The bank has also pledged to stop financing coal by 2040. If shareholders approve. Once again, slow, slow, slow. It means HSBC will continue to lend to the some of the most environmentally destructive projects it is possible to imagine for almost two more decades. 

No wonder the protesters aren’t terribly impressed with its commitments at a time when even big investors have started to wake up to the very real dangers of a rapidly heating planet. 

Compared with the problems, and that includes economic problems, this will cause and is already causing, a few shards of broken glass on the ground at Canary Wharf are as small as the potatoes currently in season. 

By the way, I don’t know what effects the climate crisis will have on potato farmers, but you can count on it having an impact. It’s having an impact wherever you care to look. 

The sad fact is that what HSBC is doing – weak promises and woolly commitments that don’t hold up to close scrutiny – is a tactic that’s being followed across large parts of the corporate sector. 

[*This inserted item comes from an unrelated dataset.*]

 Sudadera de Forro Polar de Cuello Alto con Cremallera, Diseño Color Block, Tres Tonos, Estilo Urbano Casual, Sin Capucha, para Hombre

That might be because it is a tactic that has, in the past, worked. Fuss over the CEO’s pay? Promise to look at the issue and come back with numbers that look slightly less absurd but are still offensive. Failing on issues of diversity? Buy off the critics by getting the headhunters to find you a female non-executive director, and then forget about the issue.

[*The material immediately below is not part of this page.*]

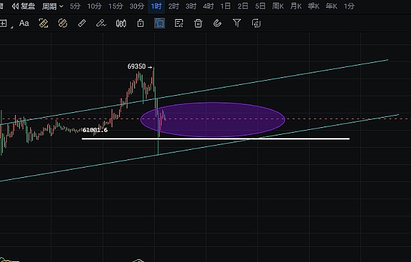 回踩61000-62500附近分批多,目标64500-65200附近

Fortunately, people are getting wise to this sort of thing. 

You may recall that I highlighted the climate strategy Shell has submitted for a shareholder vote and its argument that this makes unnecessary a resolution submitted by activists at Follow This, a group seeking to change oil companies from within. 

Not so. Follow This is committed to the Paris Climate Agreement. It wants Shell to make the same commitment. It is to be hoped that big shareholders back its motion, and a similar one submitted to BP. There are signs that some of them may be willing to do that.

They must be aware that continually kicking the can down the road, which is what all these companies are doing, is no longer a viable option, whether economically or socially.

Even the US, that traditional foot-dragger, is moving in the right direction under Joe Biden, with an Earth Day pledge to cut emissions by at least 50 per cent by 2030.

The best of it is that there is money to be made through a more enthusiastic adoption of decarbonisation. One of the points made by Follow This is that Shell’s investment in alternative energy represents only a small fraction of its continuing investment in fossil fuel extraction. 

Its shareholders would surely benefit from a change in its thinking.

Today, Carbon Tracker released a report that helps make a strong case for renewables. The report says that global energy consumption in 2019 was 65 petawatt hours (PWh). It says that with current technologies alone, the world has the potential to capture more than 5,800 PWh annually from solar power. 

Crucially, it makes the case that 60 per cent of the world’s solar resource and 15 per cent of its wind resource are already economic compared with fossil fuels.

The growth in the UK’s wind industry is an example of what can be done here. 

Decarbonisation and investment in renewables constitute the direction in which the world is belatedly moving. It is high time these big hidebound companies woke up to that and shook themselves out of their torpor. 

Until they do, a few broken panes of glass will be the least they deserve.